Today’s Nice Price or Crack Pipe Bronco comes with a bikini top, a fold-down windshield, and to top it off, a seriously bad-ass vibe. Let’s see if its price needs a little off the top too.
Would you stick googly eyes on the Mona Lisa and think it’s an improvement? Would you likewise add a splash of Yoo-Hoo to your glass of 20-year single malt because nothing compliments peaty goodness like a chocolate-flavored child’s beverage? Yeah, I thought not.
Many of you also thought otherwise about the awkward inclusion of a pop-out Pep Boysian sunroof on yesterday’s 1972 Pre-L Pantera, a factor that weighed heavy both in our hearts (who does that?) and in consideration of its price.
Yes, you’d want to make that roof an un-sun hero, and you’d probably want to do a bunch of other work on the car to bring it up to snuff. There being a number of far cleaner, and less molested, Panteras out there for not that much more seemingly made that car’s value ring hollow. In the end, it fell in a pretty decisive 80% Crack Pipe loss.
You know, I’d love to own two of De Tomaso’s pointy odes to speed. That way I could tell everybody I own an Italian pair of Pants. I can hear the resigned groans now!
Seeing as the cost of that dumb joke is well outside of my current finances maybe I should look to something a little cheaper, and perhaps more horsey? In fact, maybe something like this rare 1966 Ford Bronco Roadster which, while actually far rougher than yesterday’s Pantera, actually comes across all the better for it.
The Roadster edition of Ford’s yee-haw off-roader is denoted by its lack of hard top, windows and doors, and typically the inclusion of fiberglass inserts in the door jambs sculpting them into Jeep-esque shapes befitting soft canvas fillers.
The real McCoy Roadsters were all built between ’66 and ’68 and are denoted by a leading U13 code on their vehicle identification number. As you might expect, they even have their own Website.

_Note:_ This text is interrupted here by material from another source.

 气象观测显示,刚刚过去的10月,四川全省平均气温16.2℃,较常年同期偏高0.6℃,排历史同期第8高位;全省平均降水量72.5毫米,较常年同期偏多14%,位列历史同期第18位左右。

This one seeming has all the right moves and still rocks the standard 170-CID straight six and 3-on-the-tree manual gearbox. A Dana 20 transfer case sends power to both front and rear axle, as it should.
Let’s talk about that straight six for a moment.

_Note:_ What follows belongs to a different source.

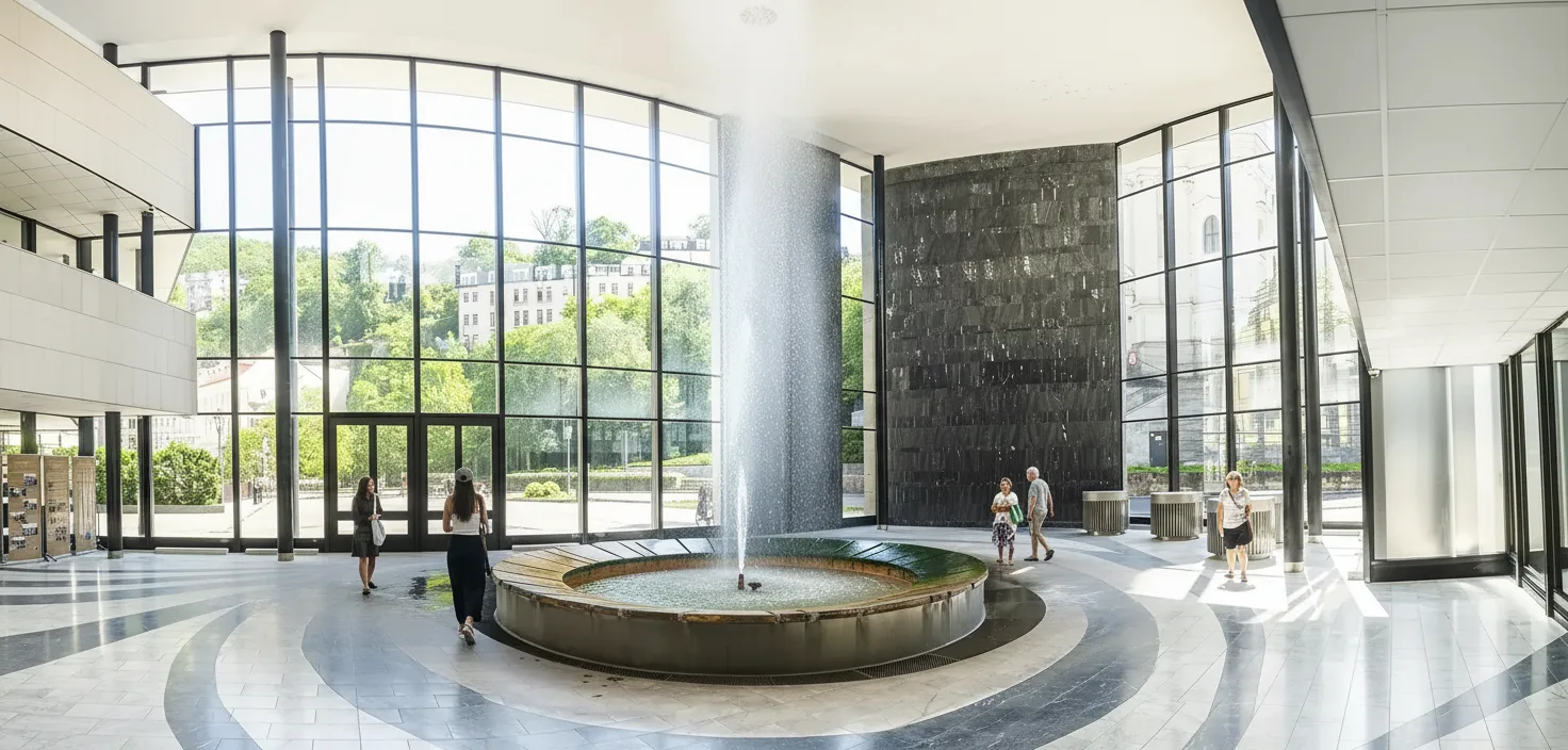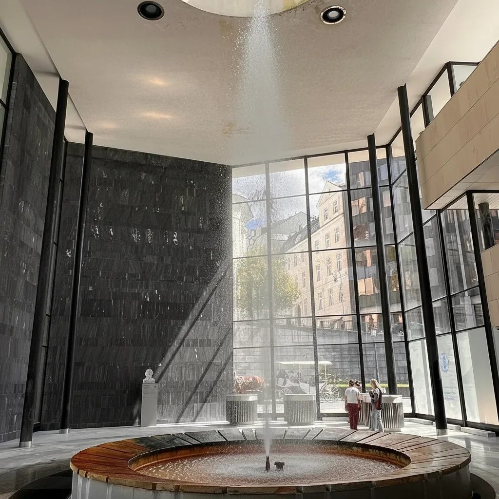 The Hot Spring Colonnade is home to the most powerful and famous thermal spring in Karlovy Vary. This modern colonnade shelters the Vridlo geyser, which shoots hot mineral water high into the air and represents the core of the town’s spa identity. The site allows visitors to observe the natural force of the thermal spring while learning about the geothermal activity beneath Karlovy Vary. It is an essential stop for travelers interested in the science and history behind the town’s spa culture.

Ford’s third generation inline six was an OHV design originally intended for the compact Falcon and offered in that line in 144-CID form.
The 170 is a stroked version of the 144 and it served as the Mustang’s standard mill at that model’s debut. These engines are long known for their durability and reliability. In fact, should you ever need a pacemaker, you could do far worse than to have one of these powering it. It’s that confidence inspiring.
The version used in the Bronco is even stouter than the one that came in the ‘Stangs, featuring mechanical lifters, and providing a calculated gross output of 105-bhp.
This one is said to “run and drive good” and comes with a clean title. It also comes with a good bit of patina but the seller says it’s a solid citizen. The floor panels have been replaced and while the work there might take away form the truck’s originality, at least you wouldn’t have to Fred Flintstone it while driving.
One perk of buying this Bronco is that you also get a bunch of Bronco Bits that go along with it. Those including a rolling frame - with its own clear title - and a top and doors if the whole Roadster thing doesn’t quite ford your stream.
The price tag for that package deal price is $8,900. Broncos, like Panteras, have skyrocketed in value in the past decade and it’s now time for you to decide if this one’s price sets off fireworks in your head.
What’s is your take on this U13 Bronco and that $8,900 asking? Is that a deal that should have someone Bronco busting down the seller’s door? Or, to that do you simply say horsefeathers?